Images within the entries are to be omitted; the remainder must be reproduced exactly.

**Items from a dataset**
---+---
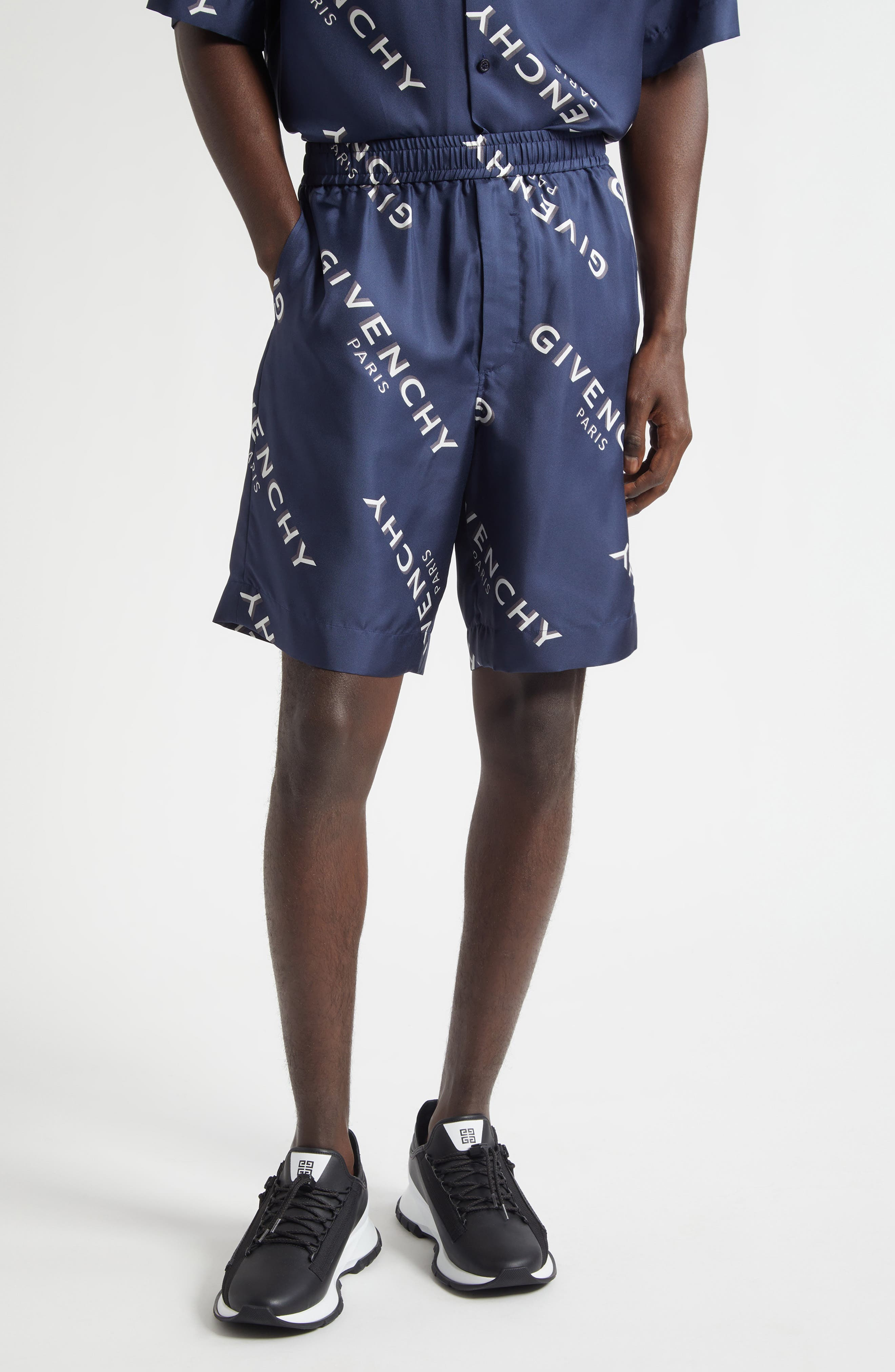 Givenchy Logo Print Elastic Waist Silk Shorts in Navy at Nordstrom
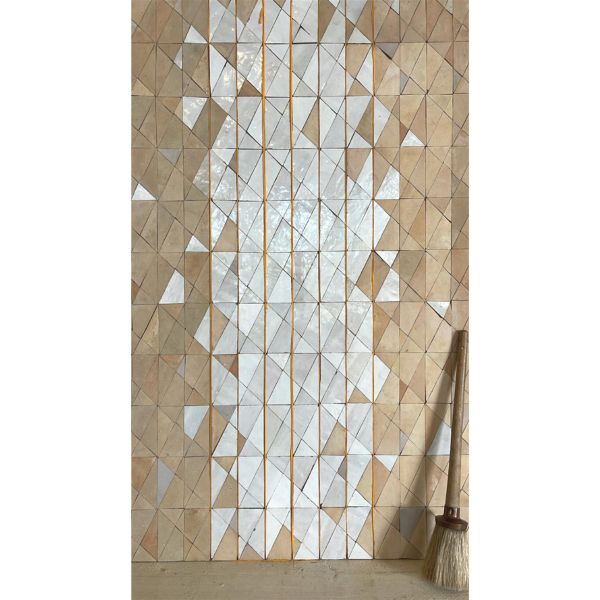 It is in revelation through a terracotta tile, omnipresent in the Maroccan heritage, that I shape myself. Zellige has been my main vector of expression for 20 years to create geometric and chromatic pictorial art works and thus bring new trajectories to this ancestral art while preserving the richness of a gesture
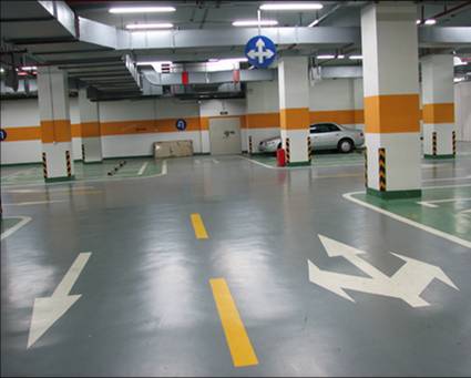 停車場劃線工程施工時,如果車長不大6米及車寬不大于1.8米的車,規(guī)范車與車之間間距為不小于0.5米,車與墻、車位端之間間距不小于0.5米;車長大于6米不大于8米,車寬大于1.8米不大于2.2米的話,車與車之間間距不小于0.7米等。回車路段的相應規(guī)范是滿足一輛車一次性回轉的需要,這實際上為不同類型的停車場提供了不同的尺寸松動。因此對于一般以停小型車為主的停車場來講,車位尺寸多采用2.5~2.7×5~6的尺寸,而單車道回轉車道寬度不小于3.5米,雙車道不少于5米。
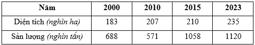 Cho bảng số liệu về diện tích và sản lượng lúa mì của Nhật Bản
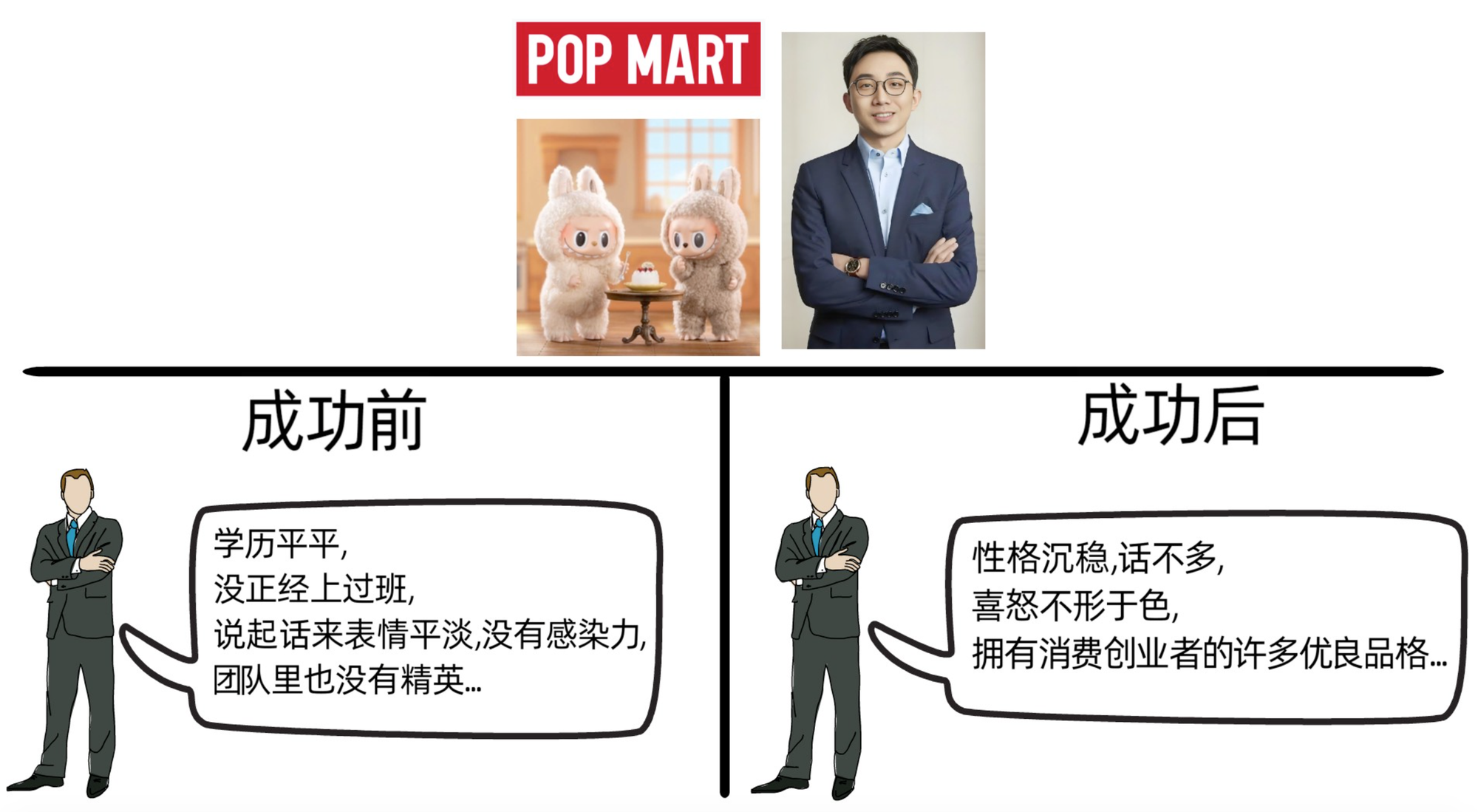 -不仅如此,获得物质成功可以增加我们的吸引力。我突然想起网上对近几年很火的玩偶labubu所属的公司,泡泡玛特创始人王宁成功前后的不同评论:成功前,投资人认为他学历平平,没正经上过班,说起话来表情平静,没感染力,团队也没有精英;成功后,投资人都一致认为他性格沉稳,话不多,喜怒不形于色,拥有消费创业者的许多优良品格。naval和之前分享过的亿万富豪felix dennis都一致表示,物质成功可以大幅增加我们的异性吸引力,特别对于男性来说,物质成功的男性更容易获得更多女性的青睐。
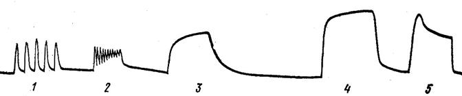 Рис. Типы мышечных сокращений 1 – одиночные мышечные сокращения 2 – зубчатый тетанус
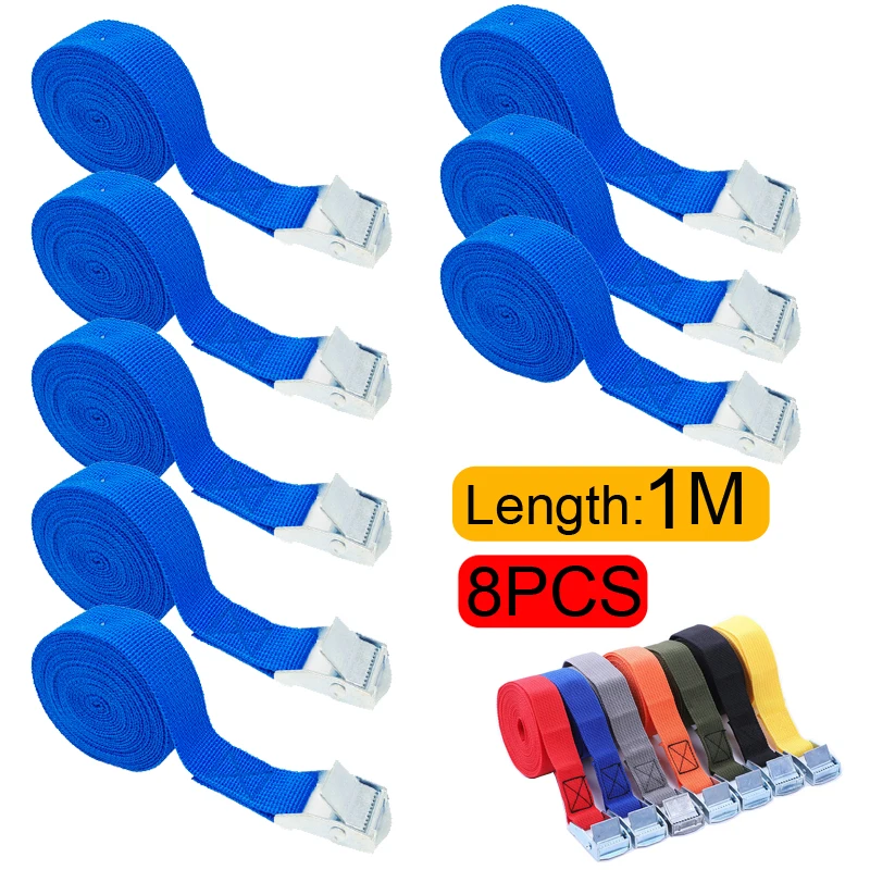 8 шт./лот, 1 м ремень с пряжкой, ремни для груза, для автомобиля, мотоцикла, велосипеда, с металлической пряжкой, буксировочный трос, крепкий Трещоточный ремень для багажа
---+---
**Your solution**
 Givenchy Logo Print Elastic Waist Silk Shorts in Navy at Nordstrom
 It is in revelation through a terracotta tile, omnipresent in the Maroccan heritage, that I shape myself. Zellige has been my main vector of expression for 20 years to create geometric and chromatic pictorial art works and thus bring new trajectories to this ancestral art while preserving the richness of a gesture
 停車場劃線工程施工時,如果車長不大6米及車寬不大于1.8米的車,規(guī)范車與車之間間距為不小于0.5米,車與墻、車位端之間間距不小于0.5米;車長大于6米不大于8米,車寬大于1.8米不大于2.2米的話,車與車之間間距不小于0.7米等。回車路段的相應規(guī)范是滿足一輛車一次性回轉的需要,這實際上為不同類型的停車場提供了不同的尺寸松動。因此對于一般以停小型車為主的停車場來講,車位尺寸多采用2.5~2.7×5~6的尺寸,而單車道回轉車道寬度不小于3.5米,雙車道不少于5米。
 Cho bảng số liệu về diện tích và sản lượng lúa mì của Nhật Bản
 -不仅如此,获得物质成功可以增加我们的吸引力。我突然想起网上对近几年很火的玩偶labubu所属的公司,泡泡玛特创始人王宁成功前后的不同评论:成功前,投资人认为他学历平平,没正经上过班,说起话来表情平静,没感染力,团队也没有精英;成功后,投资人都一致认为他性格沉稳,话不多,喜怒不形于色,拥有消费创业者的许多优良品格。naval和之前分享过的亿万富豪felix dennis都一致表示,物质成功可以大幅增加我们的异性吸引力,特别对于男性来说,物质成功的男性更容易获得更多女性的青睐。
 Рис. Типы мышечных сокращений 1 – одиночные мышечные сокращения 2 – зубчатый тетанус
 8 шт./лот, 1 м ремень с пряжкой, ремни для груза, для автомобиля, мотоцикла, велосипеда, с металлической пряжкой, буксировочный трос, крепкий Трещоточный ремень для багажа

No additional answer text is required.